>> Turkey is a continent away from Wall Street, but its political and economic problems are feeling very near. The US stock market lost ground Friday, along with markets across Europe and Asia, on fears reminiscent of the European debt crisis. I'm Conway Gittens in New York. What Wall Street fears the most is the domino effect.
Now while it's mostly European and Asian banks that have exposure to Turkey, which, by the way, has an economy that's not even the size of the state of Florida, just like Greece a few years ago when Europe was teetering. If the banks doing business inside and with Turkey start to see their business erode, they may have to sell other assets to cover their losses.
And thus, the dominoes start to fall. Add to that concerns out there that banks could be forced to crimp lending to Turkey, and other key emerging economies which were responsible for an outsized amount of global economic growth.
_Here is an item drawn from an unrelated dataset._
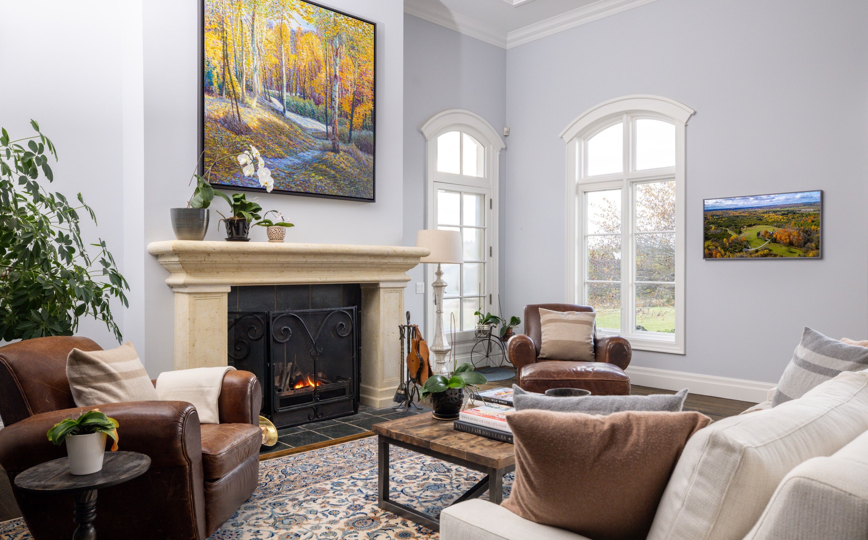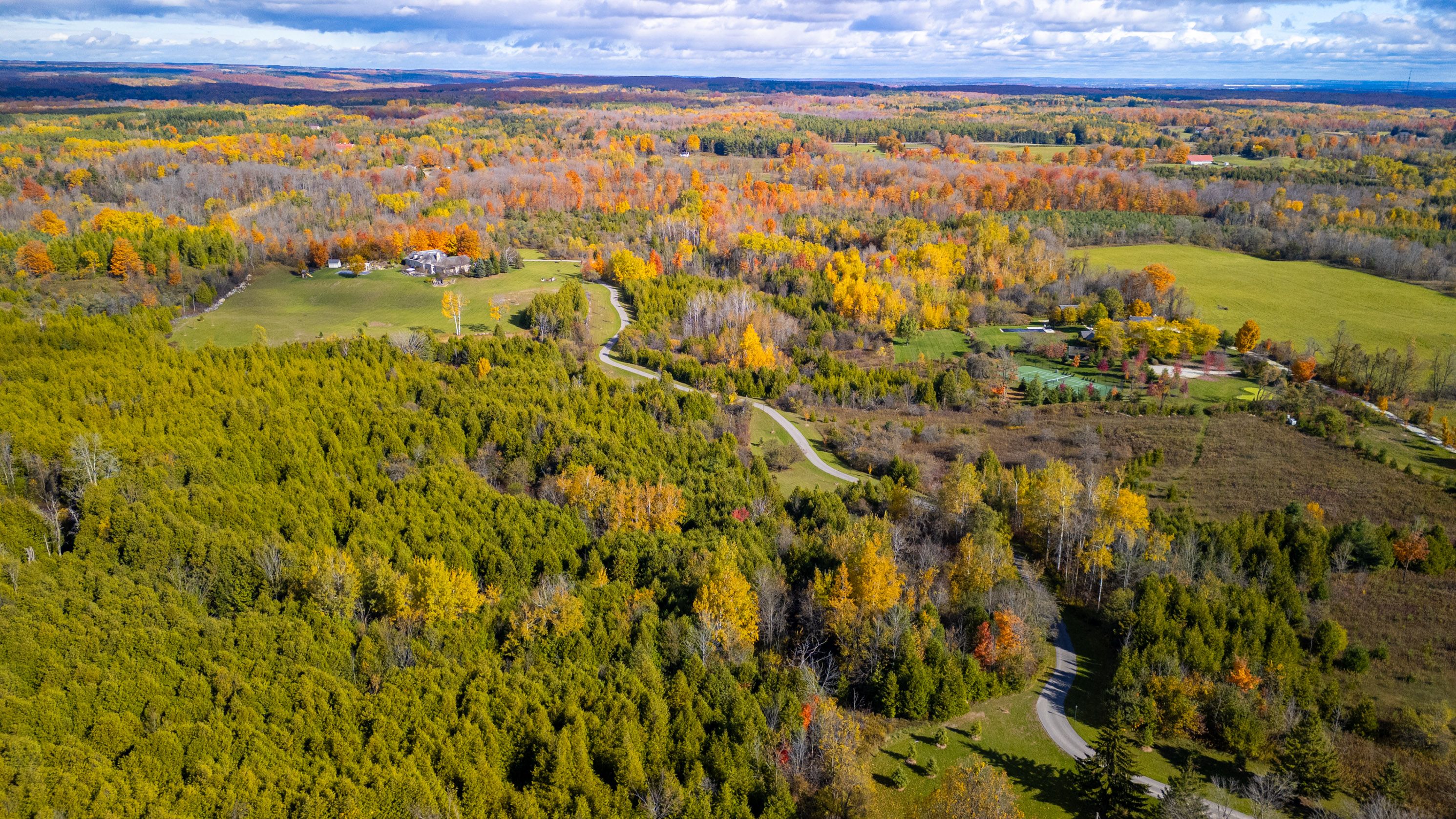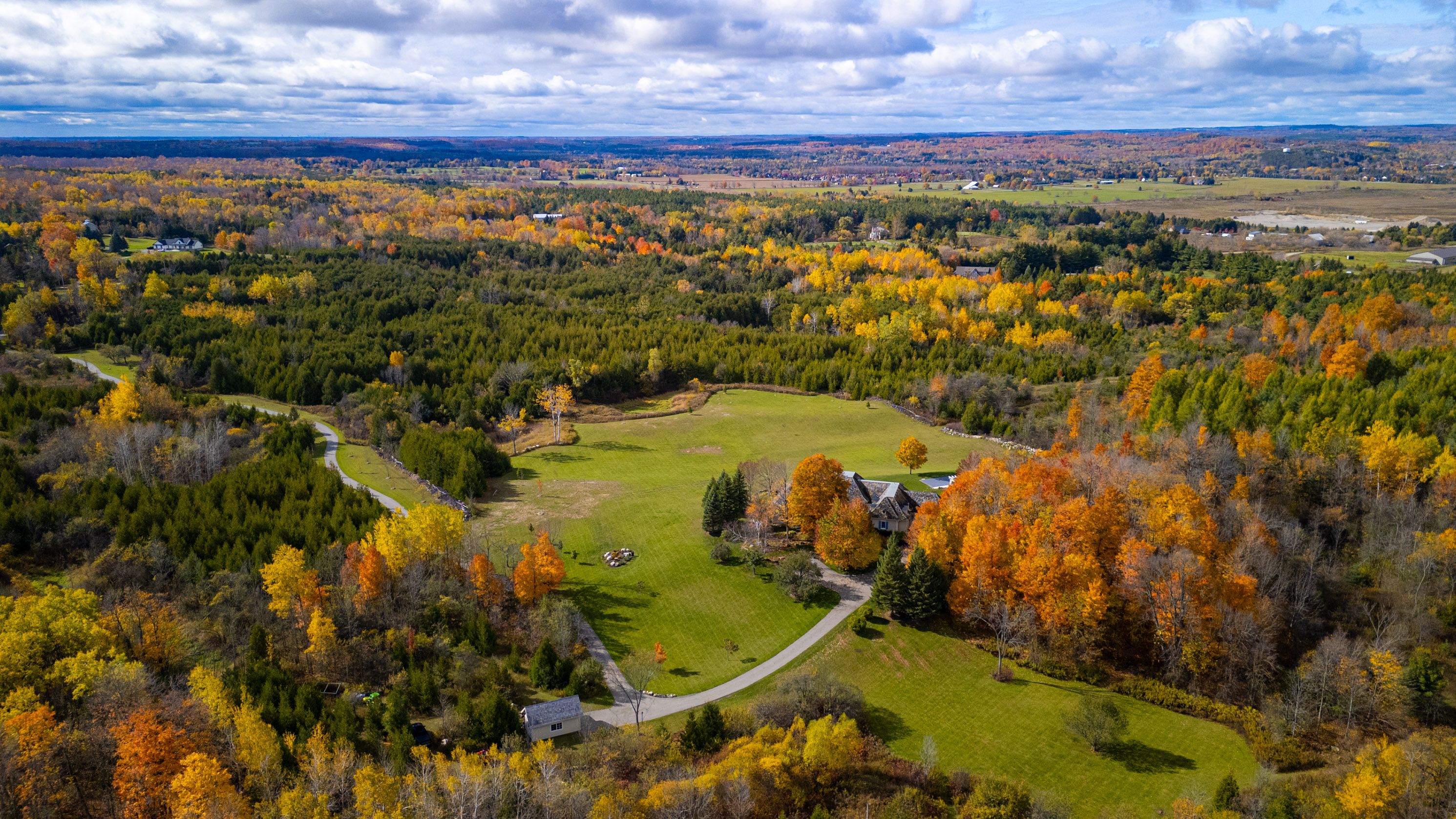 Nestled on 90.33 private acres along one of Erin's most coveted roads, Badger Hall represents the pinnacle of country estate living. This exceptional property combines rolling topography, manicured trails wide enough for utility vehicles, & multiple ponds perfect for summer fishing & winter skating. Beautiful fieldstone walls wind through the landscape, while the gated entry & long private drive ensure complete peace & privacy. Designed by renowned architect Stephan McCasey, the home is a masterpiece of craftsmanship beneath a stunning cedar shake roof. Light pours through every window, framing spectacular countryside views. The main level's great room, anchored by a limestone wood-burning fireplace, flows seamlessly into the dining room & opens to multiple patio walkouts. The kitchen impresses w/ its massive centre island, exceptional layout, & abundant storage. A cozy den off the kitchen provides the perfect retreat for quiet evenings, while a distinctive office w/ wood-burning fireplace & custom built-ins offers an inspiring workspace. The main-floor primary suite is a true sanctuary, bathed in natural light w/ beautiful countryside views. The spa-like ensuite features a soaker tub, walk-in shower, & double vanity, and has a generous walk-in closet. Upstairs, 3 beds & 2 baths provide comfortable family accommodation. The finished lower level includes a hot yoga studio & flexible space ideal for a gym/media room. Outside, the landscape captivates at every turn. The showpiece is undoubtedly the new pool area, artfully set into the natural landscape w/ sweeping views over the rolling fields. Long western views allow for stunning sunsets. Natural stone sitting areas throughout the grounds create intimate gathering spots, while the pristine trails (5km+) beckon equestrian enthusiasts. A 3-car garage & detached workshop complete the practical amenities. Located mins from Belfountain, Erin, Caledon Ski Club, The Pulpit, & TPC Osprey Valley. Less than 1 hr from TO.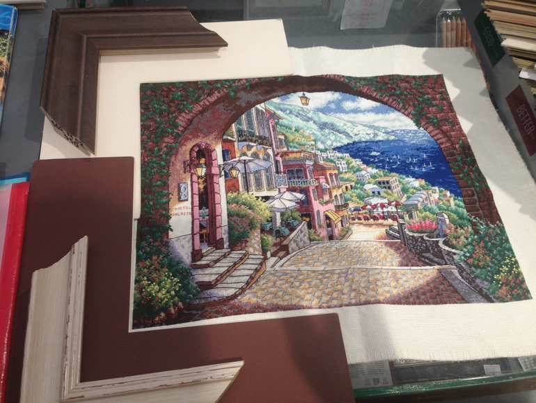 Вышивка крестом ГОТОВЫЕ РАБОТЫВот и готов мой Costal view от Dimensions, процесс получился долгим, вышивала я ее целых 5 месяцев, ещё месяц она была на оформлении, т.к. в багетке закончился выбранный мной паспарту. И вот спустя полгода с начала вышивания работа готова, хочу поделится с вами:

Less lending means less revenue for global giants like Citi Group, J.P. Morgan Chase, and Bank of America.
All three were down Friday. And if lending dries up, so does money to fuel construction projects, making material campanies the second biggest losing sector in Friday's sell off. Despite Trump's threats to slap 50% tarriffs on steel coming from Turkey, American producers like US Steel, Nucor, and Cleveland-Cliffs saw their stocks fall anyway.
But the biggest drops are really being felt in the broader market. With a 20% plunge in the Turkish lira versus the dollar, investors fear there could be a hedge fund, a pension fund, or some other large investor who is overexposed. And their financial stability could be in jeopardy, threatening a blow up no one saw coming.